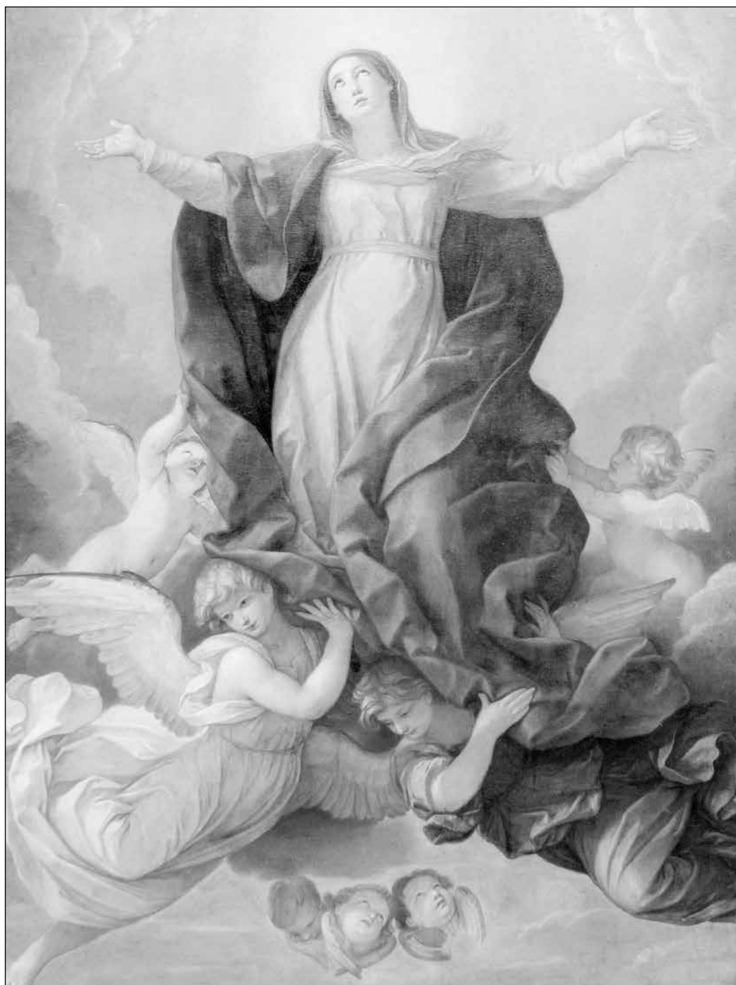
Guido Reni (1575-1642): Nanebevzetí Panny Marie
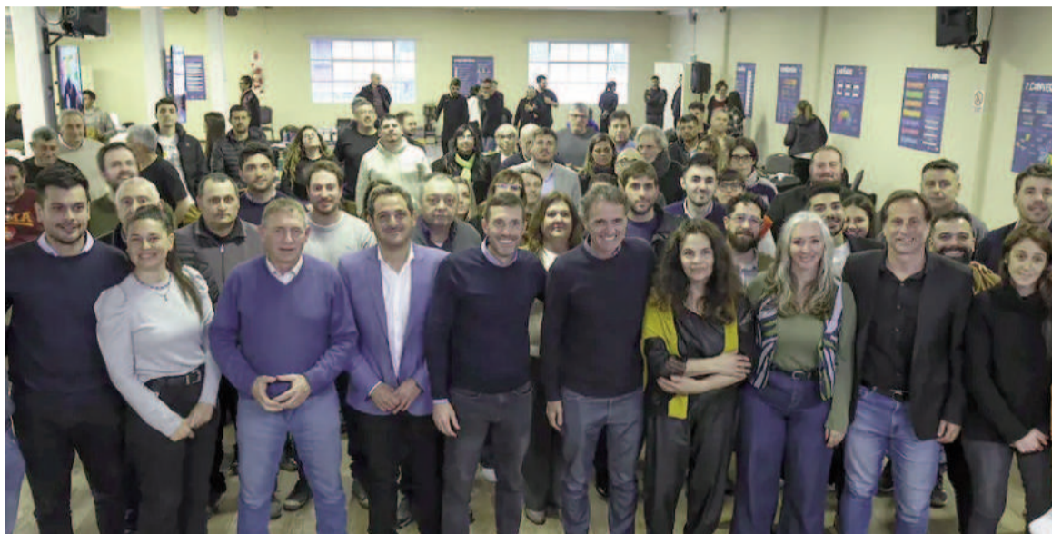
El titular del Ministerio de Infraestructura y Servicios Públicos salió a recorrer la provincia.
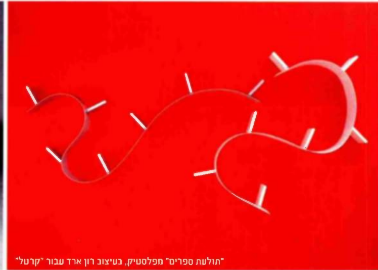
"תולעת ספרים" מפלסטיק, בעיצוב רון ארד עבור "קרטל"

ספריות בנויות, העשויות מגבס או מבלוקים ונטמעות בסביבה הבנויה באופן מרבי, היו נפוצות עד לפני כשנתיים, אך לאחרונה הועם זוהרן, ככל הנראה בשל הקיבעון שהן יוצרות בסביבה. ספריות פלסטיות פשוטות נפוצות כבר מספר שנים, אך לצדן מוצגות ממש לאחרונה ספריות מחומרים פלסטיים אולטרה-מתוחכמים כקוריאן
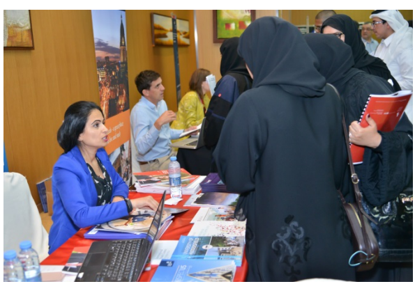
Exhibiting UK institutions meeting potential students and offering on-spot admission letters
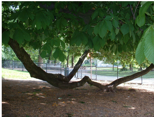
, 21 Mei 2002
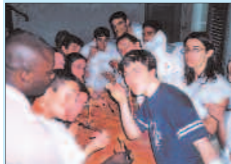
Spaghettona di fine stagione al Molo
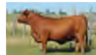
RP 667, su madre
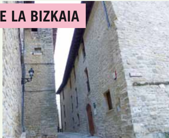
El albergue municipal La Bizkaia

El Ayuntamiento le incautó a Gardatxo S.L la garantía definitiva depositada por él por importe de 2.400 €, en tanto en cuanto se estima que la cuantía de los daños y perjuicios que puede sufrir este ayuntamiento derivados del incumplimiento culpable de las condiciones del contrato pueden ser iguales o superiores a esta. En todo caso, el día 31/05/2015, se procederá a la liquidación total del contrato, procediéndose, en su caso, a devolver el excedente.
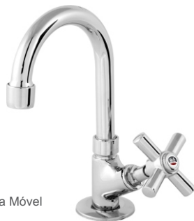
1198 Torneira Bica Móvel p/ Lavatório
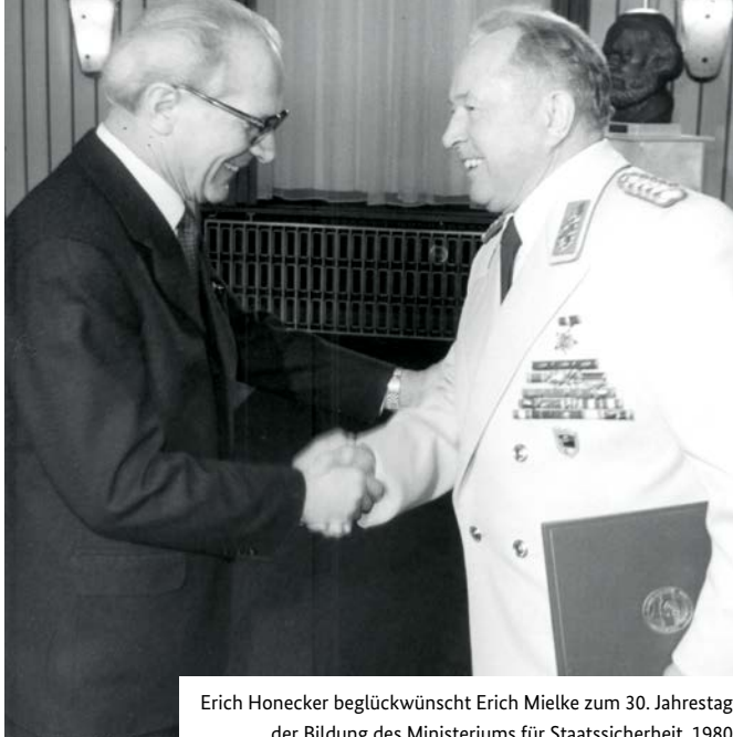
Erich Honecker beglückwünscht Erich Mielke zum 30. Jahrestag der Bildung des Ministeriums für Staatssicherheit, 1980
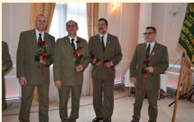
Odnaczeni srebrnymi odznakami „Zasłużony dla Leśników Polskich”.
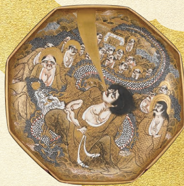
長崎薩摩「上絵金彩人物図飾皿」
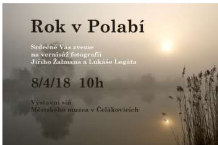
Pozvánka na výstavu
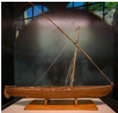
Reconstrucció hipotètica de la barca Les Sorres X a partir de les restes conservades.
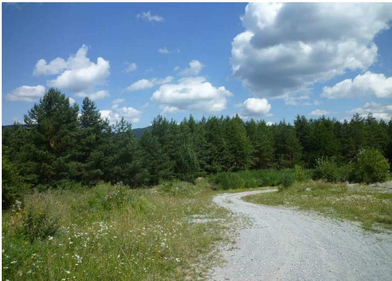
Obr.č.13: Sekundárne borovicové porasty, ktoré križuje trasa vedenia v navrhovanom variante VP2 pri Veľkom Poli v blízkosti cintorína a ťažobného priestoru.
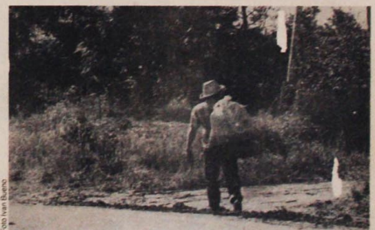
Brasilgaúchos: sem terra no Brasil, sem terra no Paraguai, sem ter aonde ir
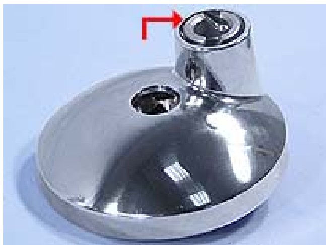
Planetario premodifica KW710252
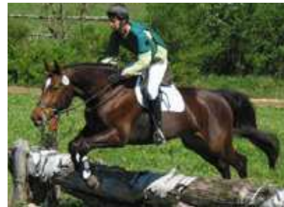
Dressur - Springen - Gelände
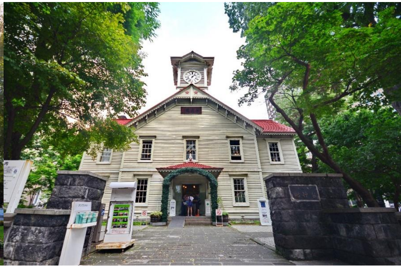
ชั่วโมง เพื่อบอกเวลา
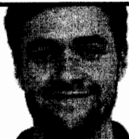
Shkruan: Steven Bardsli ("Stars and Stripes")
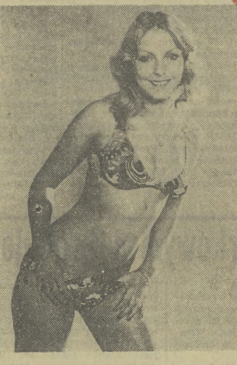
Czy bikini przyda się jeszcze w tym roku?
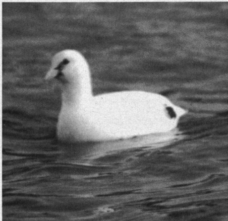
Albino Meerkoet, Ringvaart, Haarlemmermeer, medio november 1978.

Meerkoet. Winter 77/78 tot in winter 78/79 albino ex. ringvaart Haarlemmermeer tussen Aalsmeer en Oude Meer (D. Kaptein, med. P. de Jong, P. Klaassen).
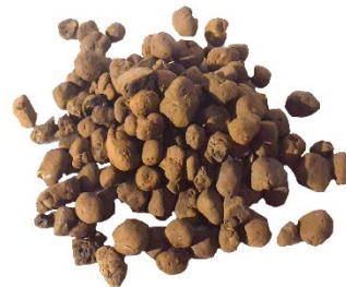
Drainage Clay Pebbles

━━━━

Work to be completed —
Quote the data above exactly from the line with "Brasilgaúchos: sem terra" to the line with "Albino Meerkoet, Ringvaart, Haarlemmermeer, medio", both ends counted, and nothing else. Pictures don't go in.

Solution to this task —
Brasilgaúchos: sem terra no Brasil, sem terra no Paraguai, sem ter aonde ir
Planetario premodifica KW710252
Dressur - Springen - Gelände
ชั่วโมง เพื่อบอกเวลา
Shkruan: Steven Bardsli ("Stars and Stripes")
Czy bikini przyda się jeszcze w tym roku?
Albino Meerkoet, Ringvaart, Haarlemmermeer, medio november 1978.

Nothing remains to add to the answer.